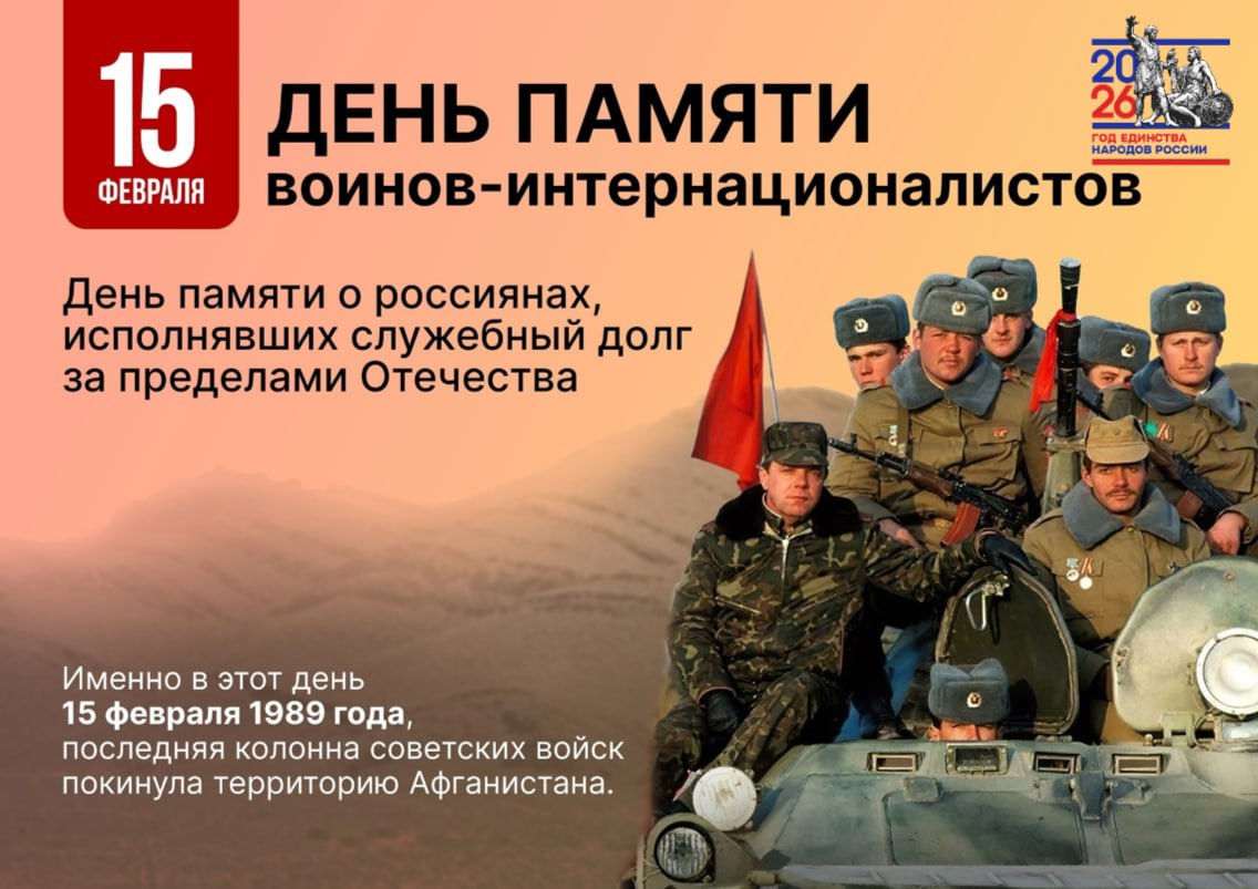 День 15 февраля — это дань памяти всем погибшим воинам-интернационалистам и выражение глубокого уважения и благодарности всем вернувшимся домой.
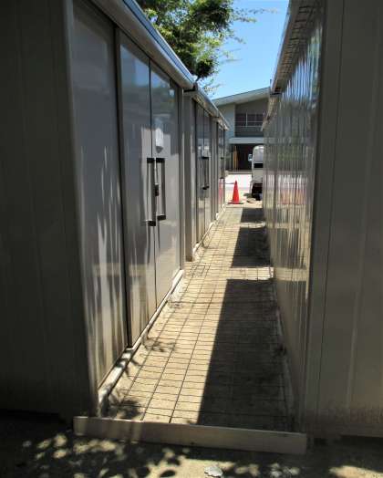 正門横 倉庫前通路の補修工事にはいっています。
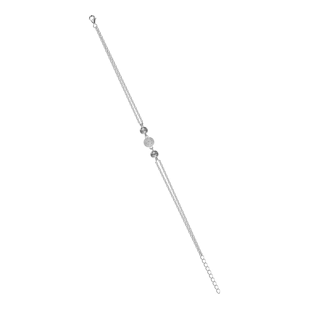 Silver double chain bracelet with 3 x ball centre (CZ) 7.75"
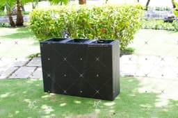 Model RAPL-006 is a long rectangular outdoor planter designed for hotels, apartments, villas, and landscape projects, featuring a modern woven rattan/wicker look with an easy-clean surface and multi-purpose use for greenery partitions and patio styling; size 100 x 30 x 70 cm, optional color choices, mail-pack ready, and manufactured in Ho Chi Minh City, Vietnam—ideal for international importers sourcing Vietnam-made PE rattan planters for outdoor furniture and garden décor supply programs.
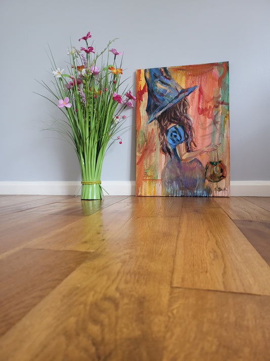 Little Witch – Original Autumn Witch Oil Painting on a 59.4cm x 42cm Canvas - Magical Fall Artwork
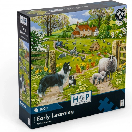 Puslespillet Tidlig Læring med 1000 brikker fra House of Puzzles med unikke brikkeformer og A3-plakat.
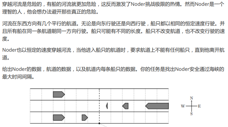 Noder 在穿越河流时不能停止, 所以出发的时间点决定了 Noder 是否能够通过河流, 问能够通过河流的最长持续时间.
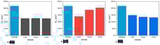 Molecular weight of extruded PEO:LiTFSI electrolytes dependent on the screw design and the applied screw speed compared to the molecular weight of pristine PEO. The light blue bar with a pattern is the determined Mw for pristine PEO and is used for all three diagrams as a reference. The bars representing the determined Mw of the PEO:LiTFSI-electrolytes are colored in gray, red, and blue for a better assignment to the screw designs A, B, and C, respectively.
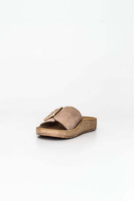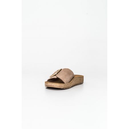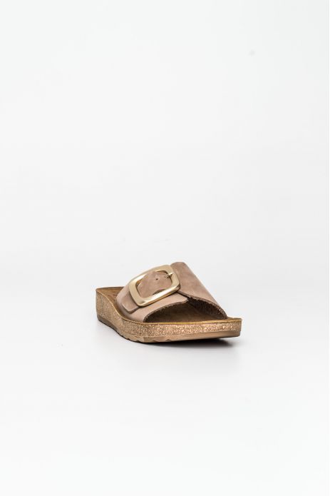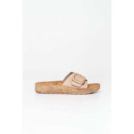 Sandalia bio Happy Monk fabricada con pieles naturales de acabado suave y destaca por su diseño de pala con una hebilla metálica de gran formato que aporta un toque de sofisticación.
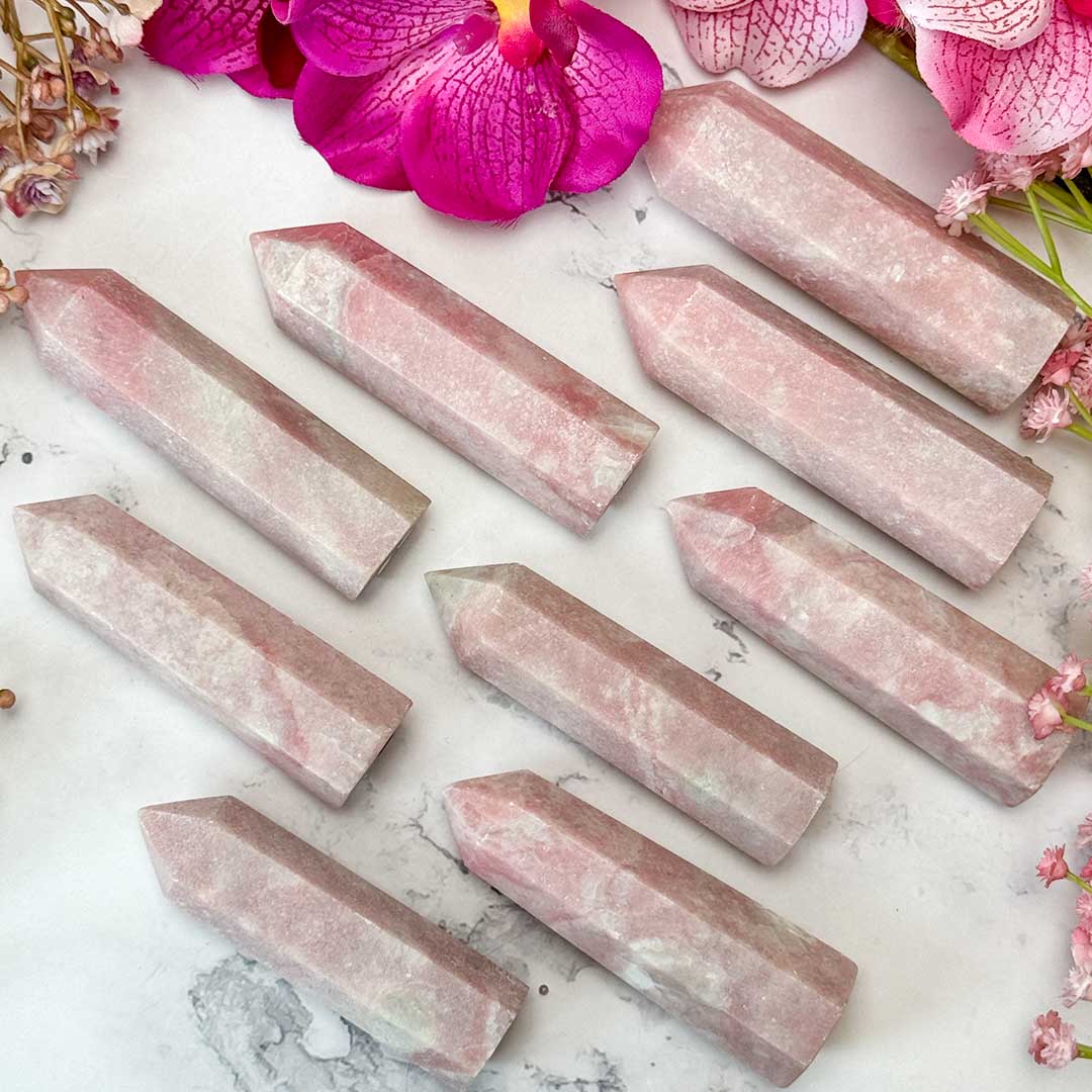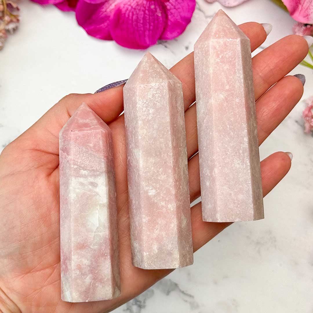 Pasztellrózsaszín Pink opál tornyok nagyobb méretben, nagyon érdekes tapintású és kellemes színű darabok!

--

> [WHAT THE EXERCISE ASKS]:
Please retype the material in full, exactly as it reads, apart from the images.

> [SOLUTION BELOW]:
 День 15 февраля — это дань памяти всем погибшим воинам-интернационалистам и выражение глубокого уважения и благодарности всем вернувшимся домой.
 正門横 倉庫前通路の補修工事にはいっています。
 Silver double chain bracelet with 3 x ball centre (CZ) 7.75"
 Model RAPL-006 is a long rectangular outdoor planter designed for hotels, apartments, villas, and landscape projects, featuring a modern woven rattan/wicker look with an easy-clean surface and multi-purpose use for greenery partitions and patio styling; size 100 x 30 x 70 cm, optional color choices, mail-pack ready, and manufactured in Ho Chi Minh City, Vietnam—ideal for international importers sourcing Vietnam-made PE rattan planters for outdoor furniture and garden décor supply programs.
 Little Witch – Original Autumn Witch Oil Painting on a 59.4cm x 42cm Canvas - Magical Fall Artwork
 Puslespillet Tidlig Læring med 1000 brikker fra House of Puzzles med unikke brikkeformer og A3-plakat.
 Noder 在穿越河流时不能停止, 所以出发的时间点决定了 Noder 是否能够通过河流, 问能够通过河流的最长持续时间.
 Molecular weight of extruded PEO:LiTFSI electrolytes dependent on the screw design and the applied screw speed compared to the molecular weight of pristine PEO. The light blue bar with a pattern is the determined Mw for pristine PEO and is used for all three diagrams as a reference. The bars representing the determined Mw of the PEO:LiTFSI-electrolytes are colored in gray, red, and blue for a better assignment to the screw designs A, B, and C, respectively.
 Sandalia bio Happy Monk fabricada con pieles naturales de acabado suave y destaca por su diseño de pala con una hebilla metálica de gran formato que aporta un toque de sofisticación.
 Pasztellrózsaszín Pink opál tornyok nagyobb méretben, nagyon érdekes tapintású és kellemes színű darabok!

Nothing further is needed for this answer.